The late chlamydial inclusion membrane is not derived from the endocytic pathway and is relatively deficient in host proteins

T Taraska, DM Ward, RS Ajioka, PB Wyrick, SR Davis-Kaplan, CH Davis and J Kaplan
Department of Pharmacology and Psychiatry, Veterans Administration Medical Center, Salt Lake City, Utah, USA.

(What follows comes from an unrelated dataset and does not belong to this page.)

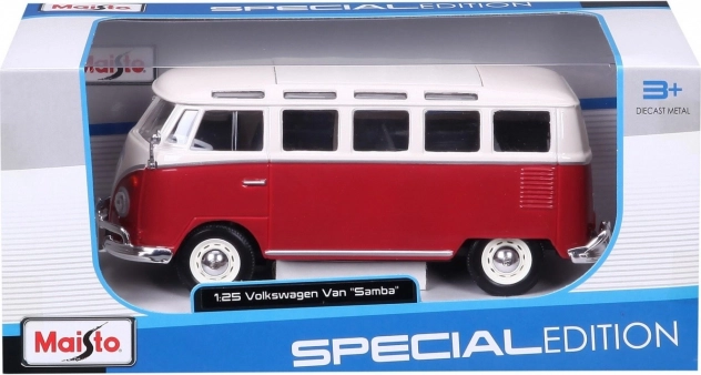 Ontdek de iconische minibus als kwalitatief metalen model in een elegante wit‑rode kleurcombinatie. Dankzij de gedetailleerde afwerking en bewegende delen geniet je van een realistische ervaring – van het openen van de deuren tot aan de motorkap. Het model in schaal 1:25 is ideaal om neer te zetten én om mee te spelen.

Chlamydiae are obligate intracellular parasites which multiply within infected cells in a membrane-bound structure termed an inclusion. Newly internalized bacteria are surrounded by host plasma membrane; however, the source of membrane for the expansion of the inclusion is unknown. To determine if the membrane for the mature inclusion was derived by fusion with cellular organelles, we stained infected cells with fluorescent or electron-dense markers specific for organelles and examined inclusions for those markers. We observed no evidence for the presence of endoplasmic reticulum, Golgi, late endosomal, or lysosomal proteins in the inclusion. These data suggest that the expansion of the inclusion membrane, beginning 24 h postinoculation, does not occur by the addition of host proteins resulting from either de novo host synthesis or by fusion with preexisting membranes. To determine the source of the expanding inclusion membrane, antibodies were produced against isolated membranes from Chlamydia-infected mouse cells. The antibodies were demonstrated to be solely against Chlamydia-specified proteins by both immunoprecipitation of [35S]methionine-labeled extracts and Western blotting (immunoblotting). Techniques were used to semipermeabilize Chlamydia-infected cells without disrupting the permeability of the inclusion, allowing antibodies access to the outer surface of the inclusion membrane. Immunofluorescent staining demonstrated a ring-like fluorescence around inclusions in semipermeabilized cells, whereas Triton X-100-permeabilized cells showed staining throughout the inclusion. These studies demonstrate that the inclusion membrane is made up, in part, of Chlamydia-specified proteins and not of existing host membrane proteins.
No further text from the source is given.